The Pulitzer prize winner reflects on losing her father and finding a partner, in book that combines essay and memoir

Lost & Found, as befits a book about contrasts, is something of a hybrid. On the one hand, it is a memoir of two shattering events that took place almost simultaneously in Kathryn Schulz’s life: the death of her much-loved 74-year-old father, and her falling in love, in middle age, with a woman she calls C. It also veers between two distinct modes: the personal, where Schulz relates these events in affecting prose; and the more detached, essayistic style that will be familiar to readers of her Pulitzer-winning work in the New Yorker.

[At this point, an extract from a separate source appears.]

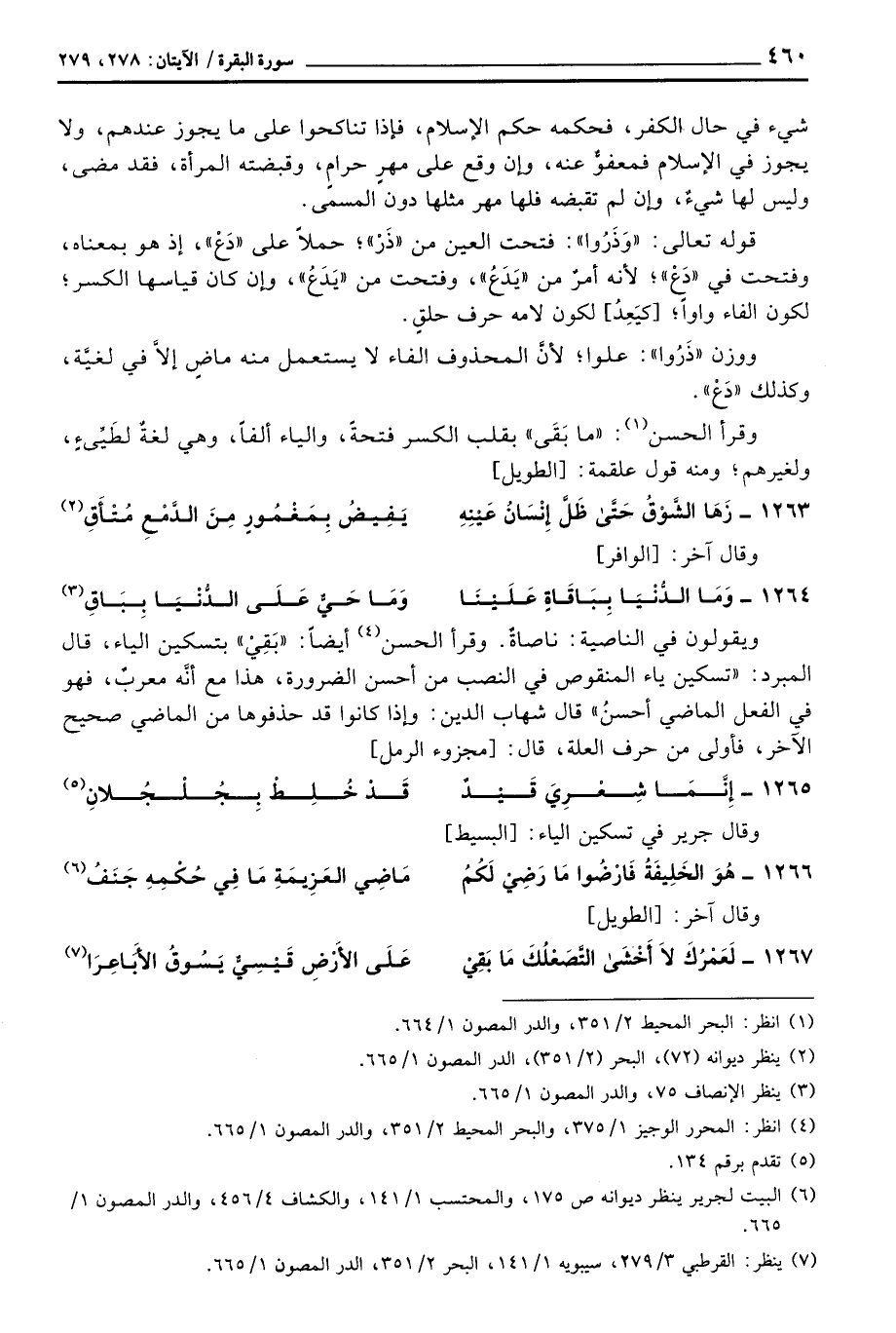 وقرأ الحسن: «مَا بَقَى» بقلب الكسر فتحةً، والياء ألفاً، وهي لغةٌ لطَيِّىءٍ، ولغيرهم؛ ومنه قول علقمة: [الطويل]

After establishing the fact of her father’s death in the book’s opening, Schulz takes the reader on a series of long, impersonal digressions on the subject of loss in general: “Phone chargers, umbrellas, earrings, scarves, passports, headphones, musical instruments, Christmas ornaments, the permission slip for your daughter’s field trip … the range and quantity of things we lose is staggering.” She is such a good writer of nonfiction that she is never less than shrewd and entertaining company, dispensing maxims such as “In the microdrama of loss, we are nearly always both villain and victim,” and providing thoughtful readings of Elizabeth Bishop’s poem One Art, in which the narrator contemplates “the art of losing”.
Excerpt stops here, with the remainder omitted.